BEGIN Data section

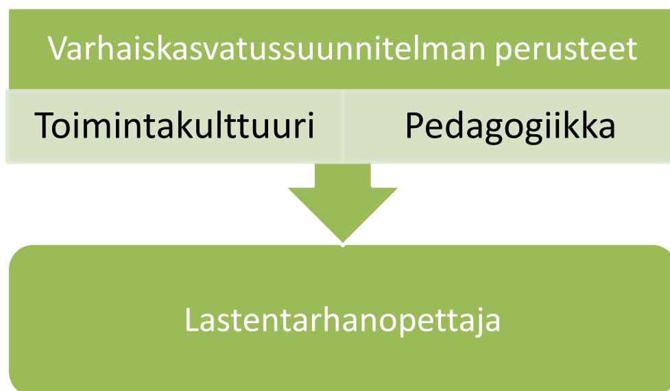
Kuva 4. Opinnäytetyön viitekehys

Lähtökohtani opinnäytetyön aiheeseen ”varhaiskasvatussuunnitelman merkitys lastentarhanopettajan työssä” ovat mielestäni hyvät. Olen nähnyt lastentarhanopettajan konkreettisen työkentän ja itsekin noudattanut vasua työssäni. Olen saanut työkokemusta niin julkisen kuin yksityisen päiväkodin toiminnasta. Olen suorittanut harjoitteluni ja ollut töissä kuvataiteellisesti sekä liikunnallisesti painottuvissa päiväkodeissa. Koen, että olen jo nyt ansainnut erittäin arvokasta työkokemusta lastentarhanopettajan työstä. Näiden kokemusten pohjalta pystyn arvioimaan ja pohtimaan opinnäytetyötäni monipuolisesti.
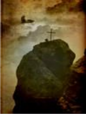
«Крест на скале»
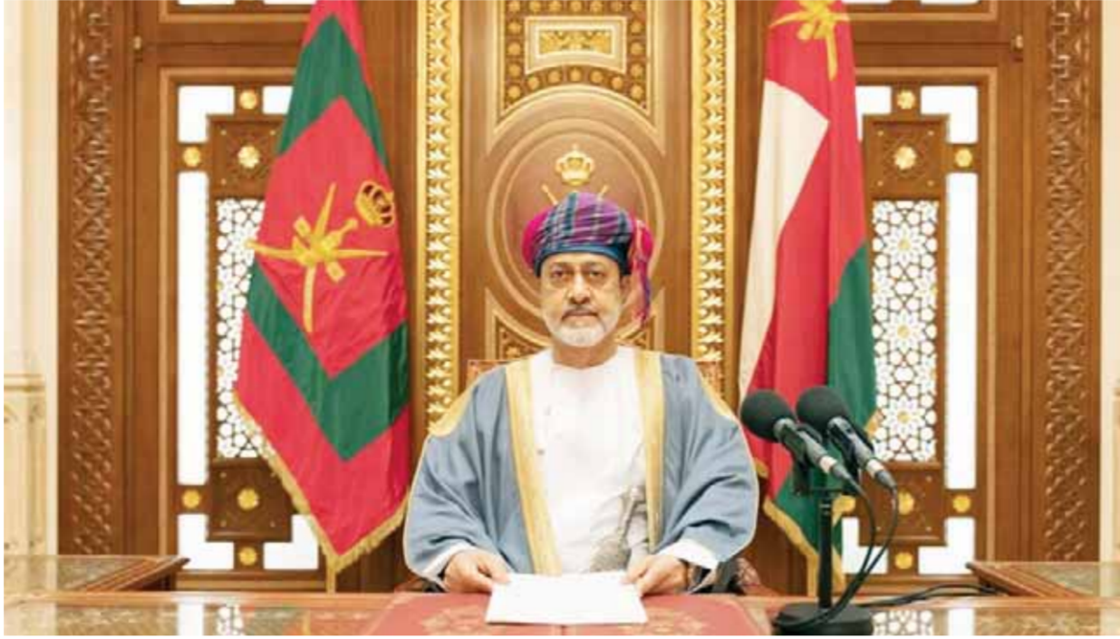
السلطان هيثم بن طارق سلطان عمان خلال خطاب الذكرى الثانية لتوليته الحكم

وحرص سلطان عمان على إختتام خطاب الذكرى الثانية لتوليته الحكم، بعد أن كانت الجهود الوطنية المخلصة على الدوام محل إعزاز وإعتراف لدينا، ونود في هذا المقام أن نسجل كلمة تشاء وإعزاز لكل أجهزتنا العسكرية والأمنية على أدوارها الوطنية المشرفة في حماية الوطن والذود عن مصالحه وسيادته في كل زمان ومكان، مكرسة نفسها فداء لكل شبر من هذا الوطن العظيم، ومنا كل التقدير والثناء لكل من أسهم وبسهم في بناء هذا الوطن العزيز ورفعة شأنه بإخلاص وتضآن،

END Data section

No pictures should appear in the copy. Print exactly the lines above from the line containing "Lähtökohtani opinnäytetyön aiheeseen" through the last line of the data.

Lähtökohtani opinnäytetyön aiheeseen ”varhaiskasvatussuunnitelman merkitys lastentarhanopettajan työssä” ovat mielestäni hyvät. Olen nähnyt lastentarhanopettajan konkreettisen työkentän ja itsekin noudattanut vasua työssäni. Olen saanut työkokemusta niin julkisen kuin yksityisen päiväkodin toiminnasta. Olen suorittanut harjoitteluni ja ollut töissä kuvataiteellisesti sekä liikunnallisesti painottuvissa päiväkodeissa. Koen, että olen jo nyt ansainnut erittäin arvokasta työkokemusta lastentarhanopettajan työstä. Näiden kokemusten pohjalta pystyn arvioimaan ja pohtimaan opinnäytetyötäni monipuolisesti.
«Крест на скале»
السلطان هيثم بن طارق سلطان عمان خلال خطاب الذكرى الثانية لتوليته الحكم

وحرص سلطان عمان على إختتام خطاب الذكرى الثانية لتوليته الحكم، بعد أن كانت الجهود الوطنية المخلصة على الدوام محل إعزاز وإعتراف لدينا، ونود في هذا المقام أن نسجل كلمة تشاء وإعزاز لكل أجهزتنا العسكرية والأمنية على أدوارها الوطنية المشرفة في حماية الوطن والذود عن مصالحه وسيادته في كل زمان ومكان، مكرسة نفسها فداء لكل شبر من هذا الوطن العظيم، ومنا كل التقدير والثناء لكل من أسهم وبسهم في بناء هذا الوطن العزيز ورفعة شأنه بإخلاص وتضآن،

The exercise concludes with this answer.